# PROVIDED DATA:
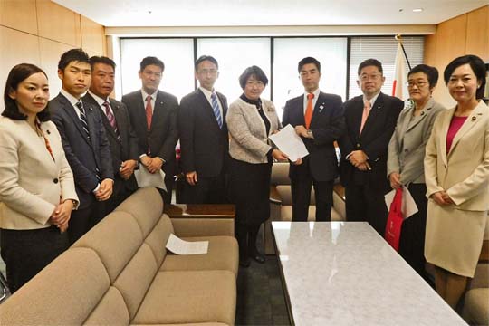 小池書記局長、高橋千鶴子衆議院議員はじめ、党国会議員団が要請。脱法行為が起こることのないように、法の趣旨の徹底や緊急の実態調査を行うことなどを求めました。
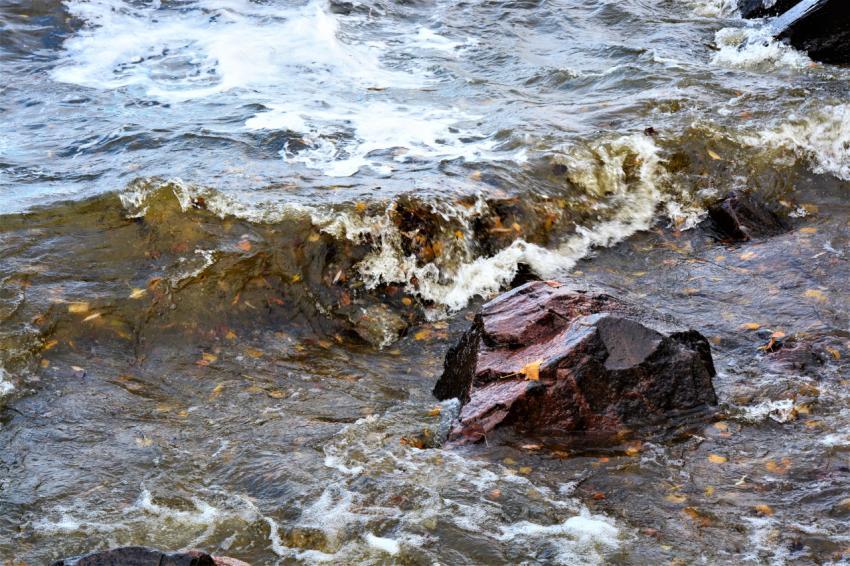 Big stone and waves
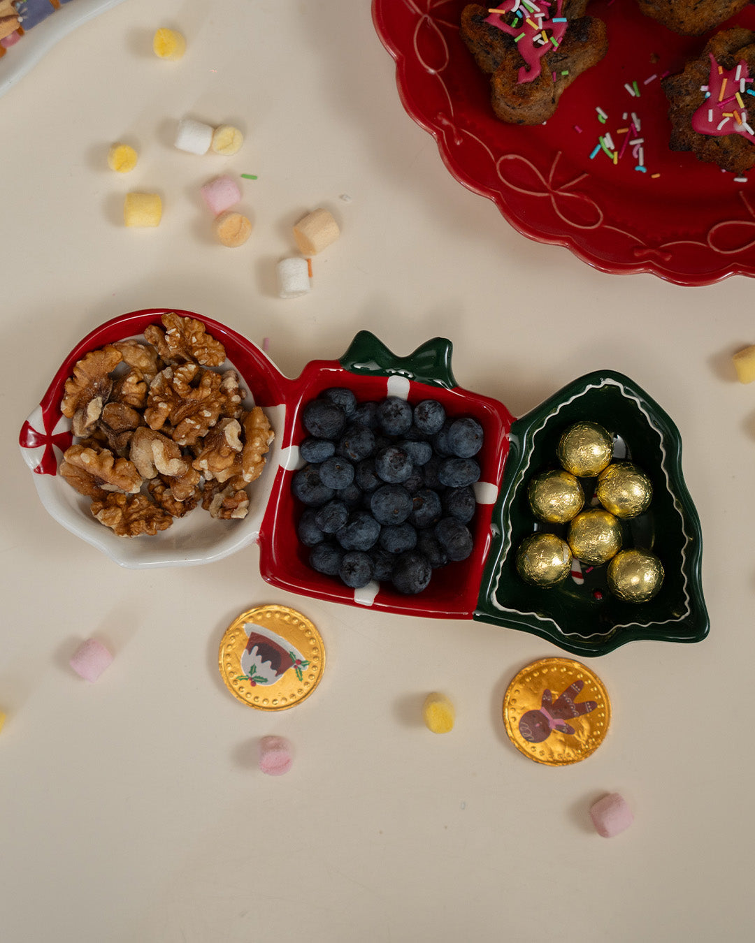 Bu çok renkli yılbaşı temalı servis kasesi ile yılbaşı davetlerinize neşeli bir dokunuş katabilirsiniz. Seramikten üretilen bu eşsiz tepsi, her biri farklı bir yılbaşı tasarımına sahip üç ayrı kaseden oluşur: Noel Baba, yılbaşı ağacı ve hediye. 27,4 x 4,4 x 11 cm ölçülerindeki bu servis kasesi, atıştırmalıklar, tatlılar veya soslar için mükemmeldir ve sofralarınıza şıklık katacak harika bir detaydır.
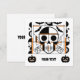 En djärv och modern Halloween-design med en geometrisk Bauhaus-stil-skalle, fladdermus, spindelnät och pumpor i klassisk svart, vit och orange. Perfekt för skämtsäsongen älskare som vill ha en snyggt vrid på den traditionella halloweenkonsten.
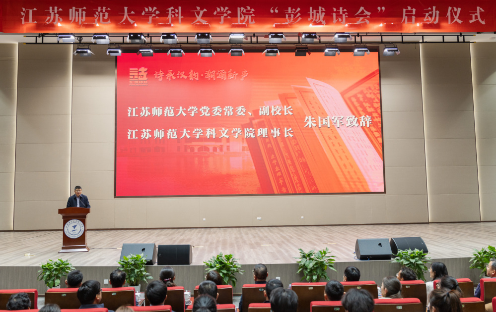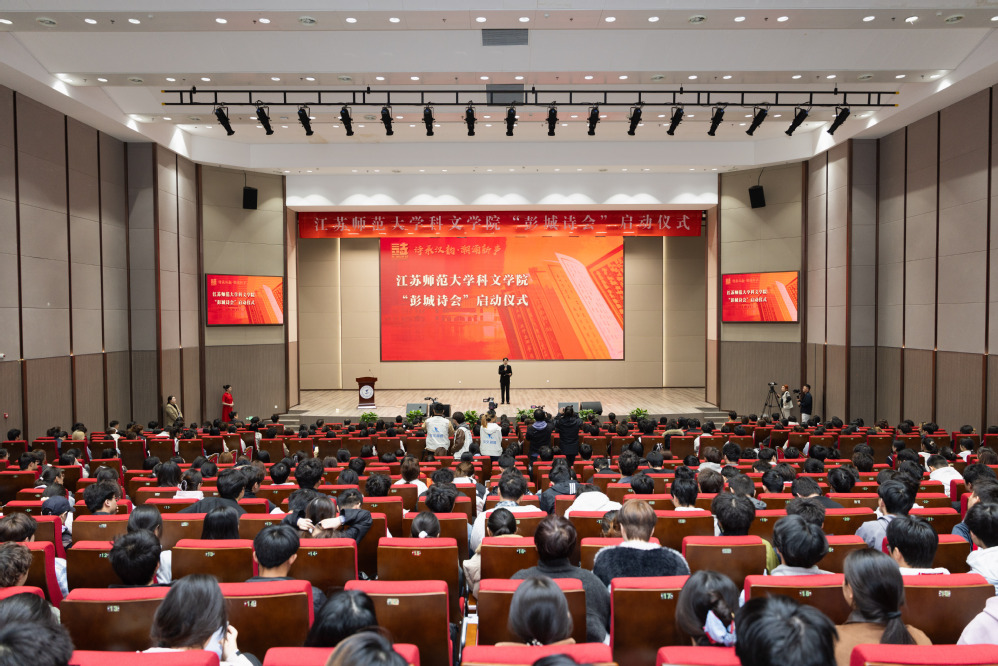 4月22日,“彭城诗会”启动仪式在学院图书馆明志报告厅隆重举行。中国语文现代化学会会长、中国传媒大学博士生导师姚喜双教授,江苏省朗诵协会副会长、徐州市朗诵艺术协会会长、徐州电视台著名主持人李传明,徐州市文化广电和旅游局二级调研员韩如海,徐州市委宣传部理论处处长李翠梅,徐州文化产业投资管理集团党支部书记、执行董事闵敏等校外嘉宾,江苏师范大学党委常委、副校长、科文学院理事长朱国军,学院全体院领导及师生代表500余人参加活动。
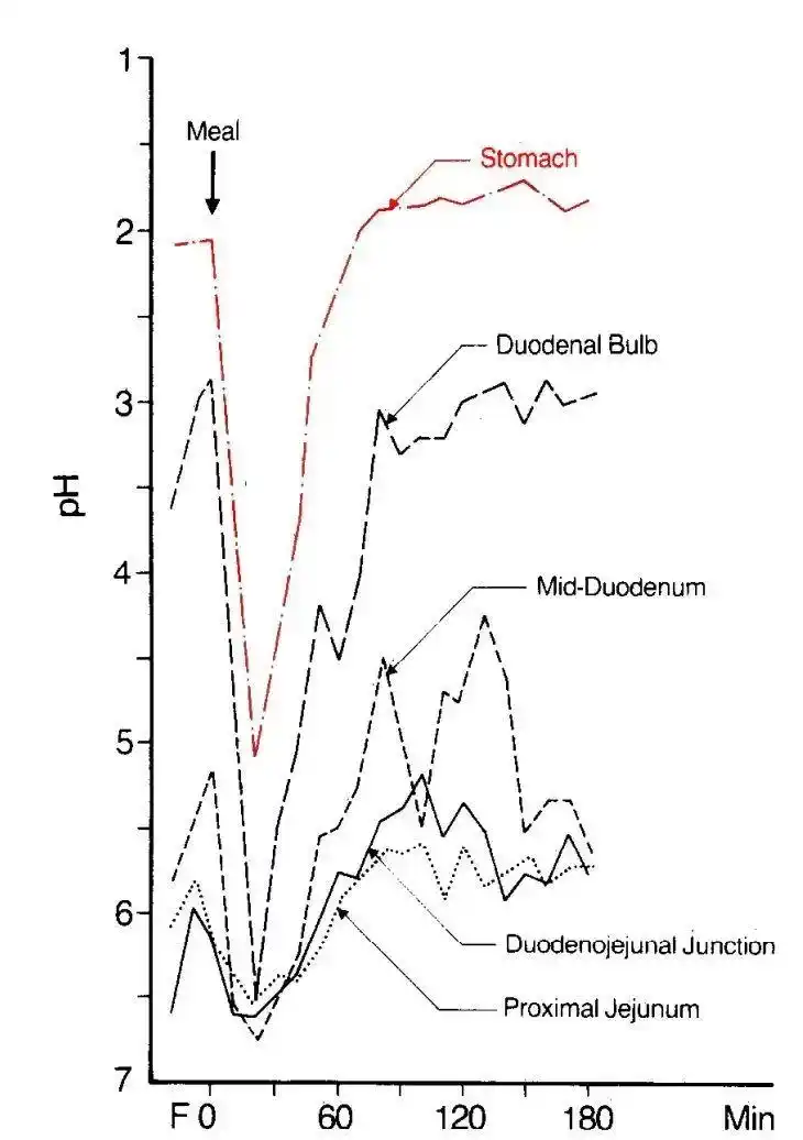 圖片來自參考文獻(xiàn) [4],紅色曲線顯示健康成年人進(jìn)食后胃部的 pH 值短暫升高,60 分鐘左右時恢復(fù)到 2 以下

# YOUR ASSIGNMENT:
What you return must match the lines above from the one with "Bu çok renkli" through the one with "En djärv och" exactly, with both ends included and the pictures excluded.

# RESULT BELOW:
 Bu çok renkli yılbaşı temalı servis kasesi ile yılbaşı davetlerinize neşeli bir dokunuş katabilirsiniz. Seramikten üretilen bu eşsiz tepsi, her biri farklı bir yılbaşı tasarımına sahip üç ayrı kaseden oluşur: Noel Baba, yılbaşı ağacı ve hediye. 27,4 x 4,4 x 11 cm ölçülerindeki bu servis kasesi, atıştırmalıklar, tatlılar veya soslar için mükemmeldir ve sofralarınıza şıklık katacak harika bir detaydır.
 En djärv och modern Halloween-design med en geometrisk Bauhaus-stil-skalle, fladdermus, spindelnät och pumpor i klassisk svart, vit och orange. Perfekt för skämtsäsongen älskare som vill ha en snyggt vrid på den traditionella halloweenkonsten.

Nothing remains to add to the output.